## Assignment
Up to and including the line bearing "Nirmaan Vaccination Camp", output every line of the entries exactly as written, starting from the first; pictures stay out.

## Given entries
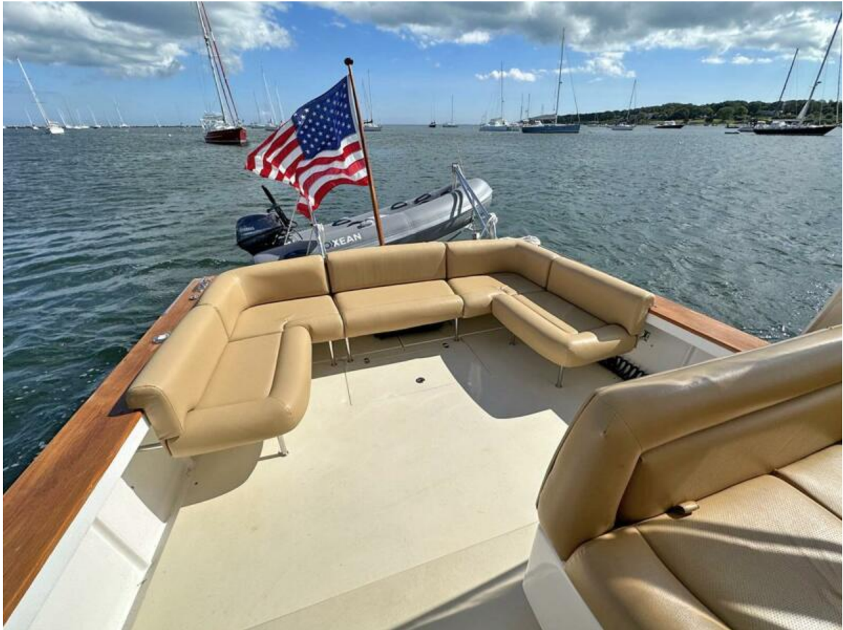
Cockpit U Settee
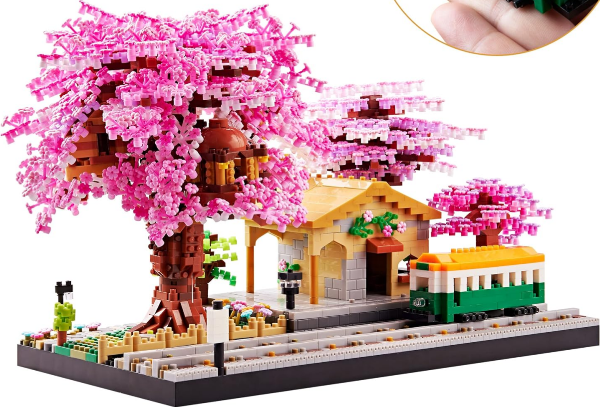
Figure 1: Fully assembled Cherry Blossom Train Station Micro Building Blocks Set.
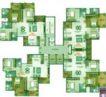
BLOCK - B
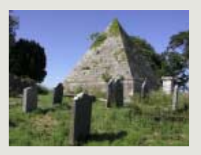
Many graveyards include important funerary monuments, such as this impressive eighteenth-century pyramidal mausoleum. They may also include gravestones with finely carved inscriptions, all of which have architectural as well as social and historical significance
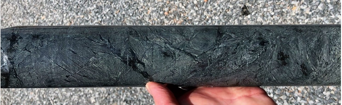
Figure 2 – Spinifex textured komatiite (HQ core) indicating proximity to the top of an ultramafic lava flow, assisting in identifying the number of flows intersected downhole.
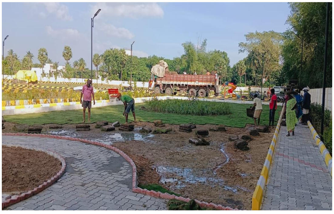
Park Landscape Work Completed
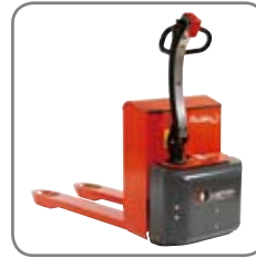
Strong construction ensures a long operating life and low maintenance costs.
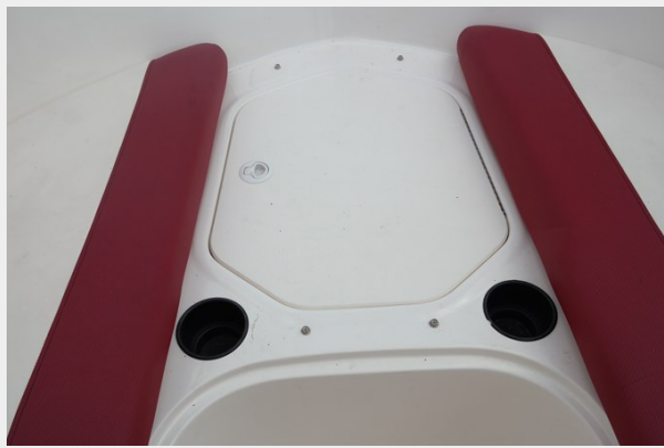
15 anchor storage
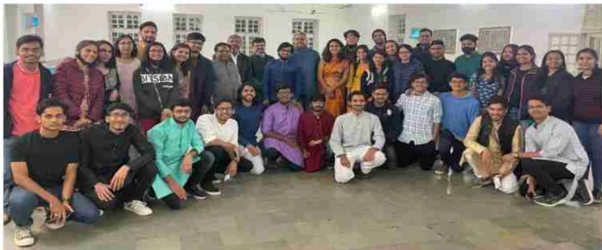
Nirmaan Vaccination Camp

Nirmaan, a voluntary organization initiated by BITS, Pilani students in 2005, works in the areas of education, livelihoods and social leadership. Nirmaan conducted vaccination drives on September 29, 2021 in Nat Basti and Khelda Bass. The first vaccination camp was organised with the help of the Government of Rajasthan that provided awareness and transportation facilities to all the beneficiaries. The second vaccination camp was organised by PHC, Pilani, at Nirmaan's old Unnati centre. The vaccination drives saw over 100 vaccinations.
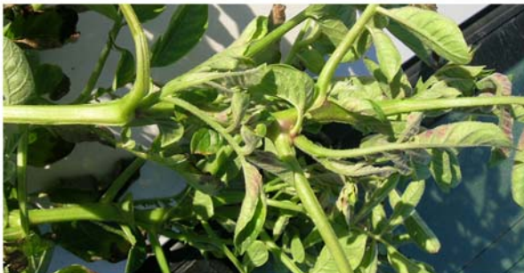
Nodes swell and turn purplish, and axial buds elongate.
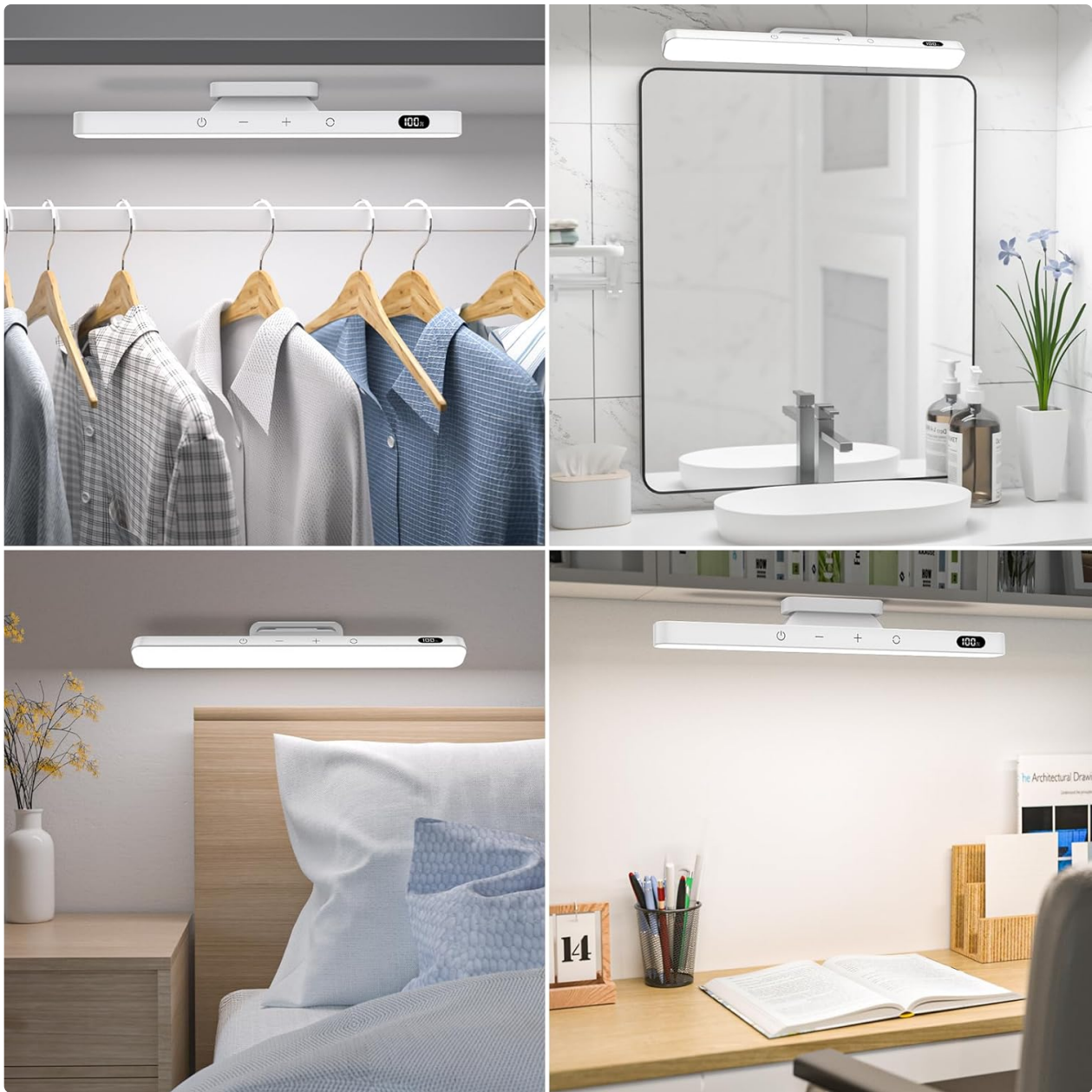
Figure 4.2: Versatile placement options for the Ferswe light bar.

## Answer area
Cockpit U Settee
Figure 1: Fully assembled Cherry Blossom Train Station Micro Building Blocks Set.
BLOCK - B
Many graveyards include important funerary monuments, such as this impressive eighteenth-century pyramidal mausoleum. They may also include gravestones with finely carved inscriptions, all of which have architectural as well as social and historical significance
Figure 2 – Spinifex textured komatiite (HQ core) indicating proximity to the top of an ultramafic lava flow, assisting in identifying the number of flows intersected downhole.
Park Landscape Work Completed
Strong construction ensures a long operating life and low maintenance costs.
15 anchor storage
Nirmaan Vaccination Camp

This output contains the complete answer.